STOCK TITAN

Rapid7 (RPD) CFO awarded 275,000 performance stock units tied to share price

Filing Impact
(Neutral)
Filing Sentiment
(Neutral)
Form Type
4

Rhea-AI Filing Summary

Brown Rafeal E. reported acquisition or exercise transactions in this Form 4 filing.

Rapid7, Inc. reported that Chief Financial Officer Rafeal E. Brown received a grant of 275,000 performance stock units (PSUs) under the company’s 2015 Equity Incentive Plan. Each PSU represents a contingent right to receive one share of Rapid7 common stock.

The PSUs may vest over a three-year performance period if Rapid7’s stock price reaches specified thresholds and Mr. Brown remains employed through the end of that period, subject to certain good leaver events. The actual number of shares that may vest can range from 0% to 150% of the 275,000 target units.

Positive

  • None.

Negative

  • None.

Insights

CFO receives sizeable performance-based PSU grant tied to stock price over three years.

The grant of 275,000 performance stock units to Rapid7’s CFO is a compensation event rather than an open-market transaction. It aligns a large portion of his potential equity with the company’s future stock price performance over a defined three-year period.

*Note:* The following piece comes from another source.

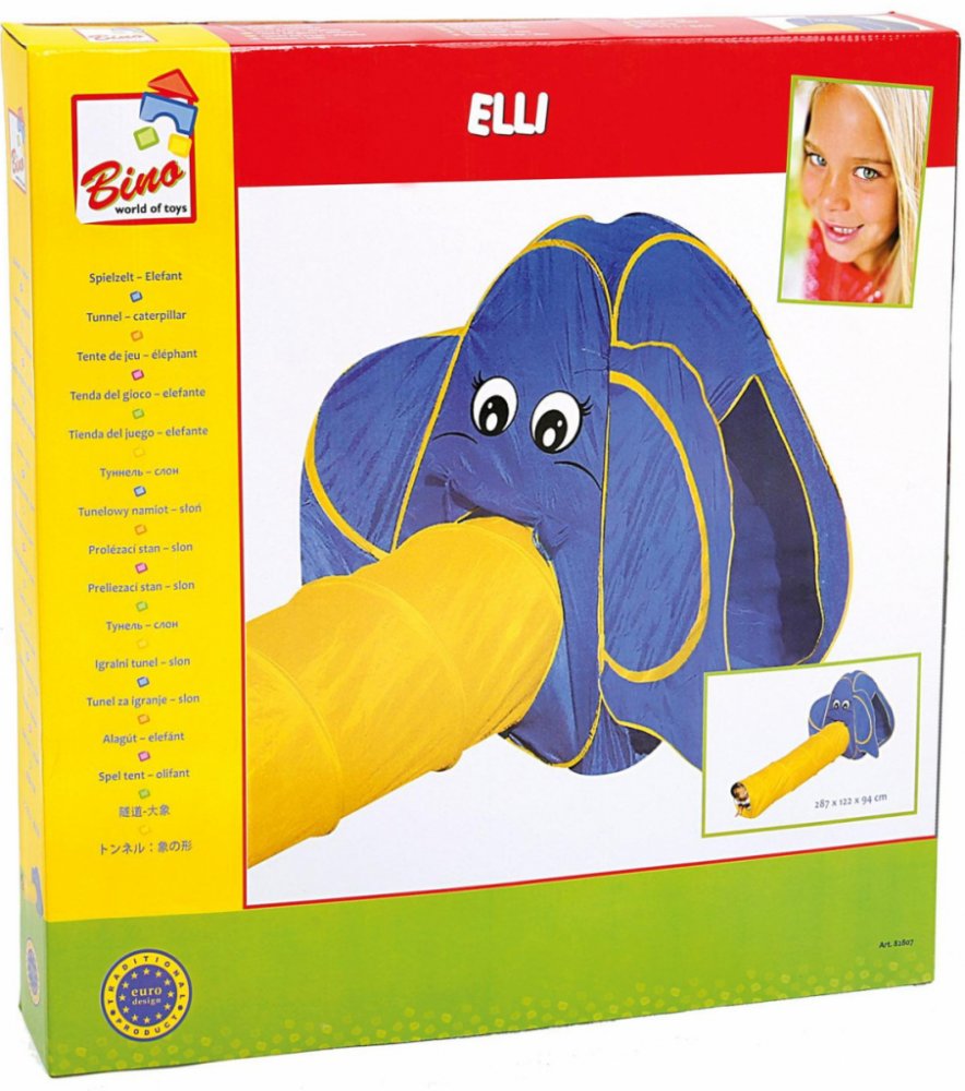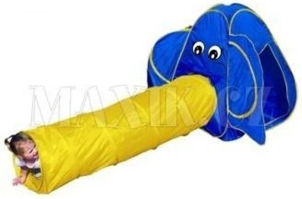 Dětský prolézací stan slon. Prolézací stan s tunelem, se kterým si děti užijí spoustu zábavy a radosti z objevování nových prostorů. Děti milují skrýše, schovávačky a domečky, vytváří si tak kolem sebe vlastní imaginární svět, v němž prožívají svá dobrodružství a hry. Sloní stan je přístupný tunelem i bočními dveřmi. Podpořte dětskou fantazii a pomozte jim postavit vlastní příbytek pro hru i odpočinek. Když se děti věnují jiné činnosti, může stan posloužit i jako úkryt pro hračky. Stan je určen pro vnitřní i venkovní použití na hladkém a suchém podkladu. Jednoduchá montáž, stabilní lehká konstrukce.

Because vesting depends on achieving specified stock price thresholds and continued employment, the award is structured to incentivize long-term value creation. However, it does not reflect a buy or sell decision in the market, so its informational value for near-term trading sentiment is limited.

Insider Brown Rafeal E.
Role Chief Financial Officer
Type Security Shares Price Value
Grant/Award PERFORMANCE RIGHTS 275,000 $0.00 --
Holdings After Transaction: PERFORMANCE RIGHTS — 275,000 shares (Direct)
Footnotes (1)
  1. This security represents performance stock units ("PSUs") granted under the Issuer's 2015 Equity Incentive Plan, as amended, to the Reporting Person. Each PSU represents a contingent right to receive one share of common stock of the Issuer ("Common Stock"). The PSUs are eligible to vest upon the Issuer's Common Stock attaining specified stock price thresholds over a three-year performance period, subject to the Reporting Person's continued employment through the end of the performance period (except for certain good leaver events). The number of PSUs reflected is at the target number of PSUs, and the actual number of PSUs eligible to vest will range from 0% to 150% of the target number of PSUs.
PSU target grant 275,000 units Performance stock units granted to CFO
PSU payout range 0%–150% of target Actual vesting range relative to 275,000 PSUs
Performance period Three years Stock price performance measurement timeframe for PSU vesting
Underlying common shares 275,000 shares Each PSU represents one share of common stock
performance stock units financial
"This security represents performance stock units ("PSUs") granted under the Issuer's 2015 Equity Incentive Plan"
Performance stock units are a type of company award that grants employees shares of stock only if certain performance goals are met. They motivate employees to work toward specific company achievements, aligning their interests with those of shareholders. For investors, they can influence a company's future stock supply and reflect management’s confidence in reaching key targets.
2015 Equity Incentive Plan financial
"PSUs granted under the Issuer's 2015 Equity Incentive Plan, as amended"
good leaver events financial
"subject to the Reporting Person's continued employment through the end of the performance period (except for certain good leaver events)"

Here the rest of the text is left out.